Subject Area Chemical and Thermal Process Engineering
Fluid Mechanics
Term since 2023
Project identifier Deutsche Forschungsgemeinschaft (DFG) - Project number 509491635
 
The project aims at studying the transport of dissolved/suspended species through transient liquid pores. The transient pores are formed when an aqueous droplet meets an aqueous reservoir, driven by an electric field. For large enough values of the electric field strength, a submicron-diameter liquid pore is formed, i.e. a liquid bridge connecting the droplet and the reservoir. After that, the droplet bounces back. Three classes of dissolved/suspended species will be considered: small molecules, nanoparticles and polyelectrolytes. The droplet and species dynamics will be studied using high-speed videomicroscopy and fluorescence microscopy. The focus will be on the role of the liquid pores as transient sieves. In that context, first the spatio-temporal evolution of the liquid pores will be investigated. One important goal is to identify and understand the main mechanisms of passage of the dissolved/suspended species through the liquid pores. The influence of the main control parameters (for example the voltage and the viscosity of the oil phase) will be examined, with the aim to identify especially favorable regions in the parameter space for species separation.
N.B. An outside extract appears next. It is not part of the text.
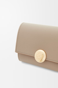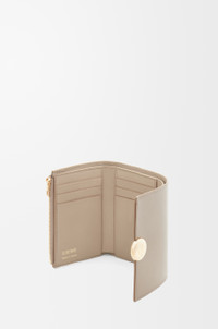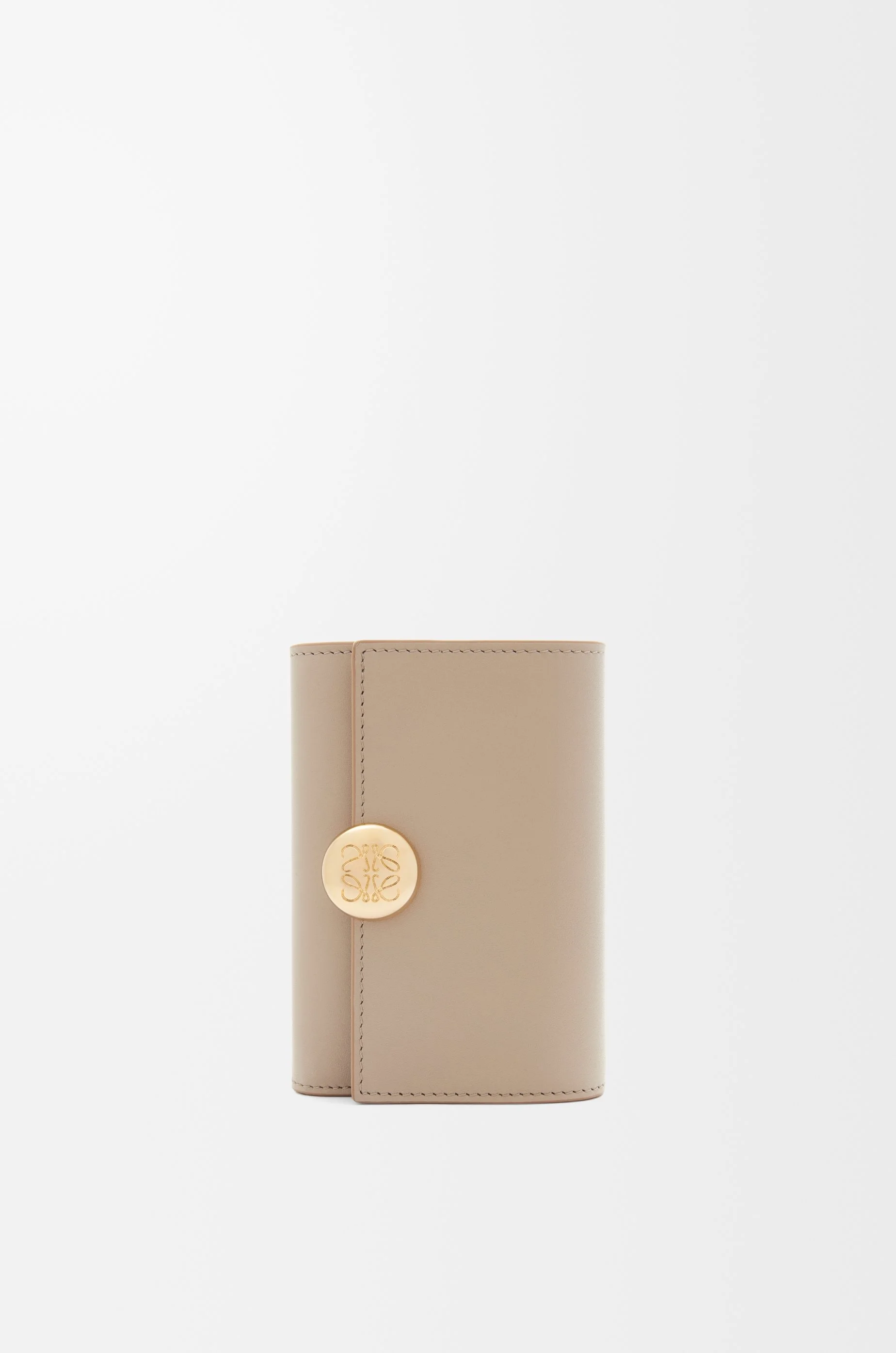 Small vertical wallet in shiny nappa calfskin featuring a signature Pebble closure. - Six card slots - Two small pockets and one larger pocket - Zipped coin compartment - Snap button closure with Anagram engraved Pebble - Calfskin lining - Gold embossed LOEWE Details - Colour: Sand - Metallic colour: Gold - Main material: Shiny Nappa Calf - Weight: 0.09 kg - Height (cm): 8.2 - Width (cm): 11.8 - Depth (cm): 3 - Height (inch): 3.2 - Width (inch): 4.6 - Depth (inch): 1.2 - Model ID: CANBS33X01 - CIL: 0011035458 - Made in: Spain

In this context, to what extent the lifetime and diameter of the pore can be controlled will be especially studied. It is expected that particularly favorable regimes for species separation are found when the lifetime of the pore is of the same order of magnitude as characteristic timescales of the dissolved/suspended species, for example the diffusion time of small molecules of the relaxation time of polyelectrolytes. Many of these tasks will be performed in close collaboration with subprojects B2 and B4. It is expected that the exploration of transient effects will add a very promising new perspective to liquid gating technology, which so far is mainly based on quasi-stationary liquid pores.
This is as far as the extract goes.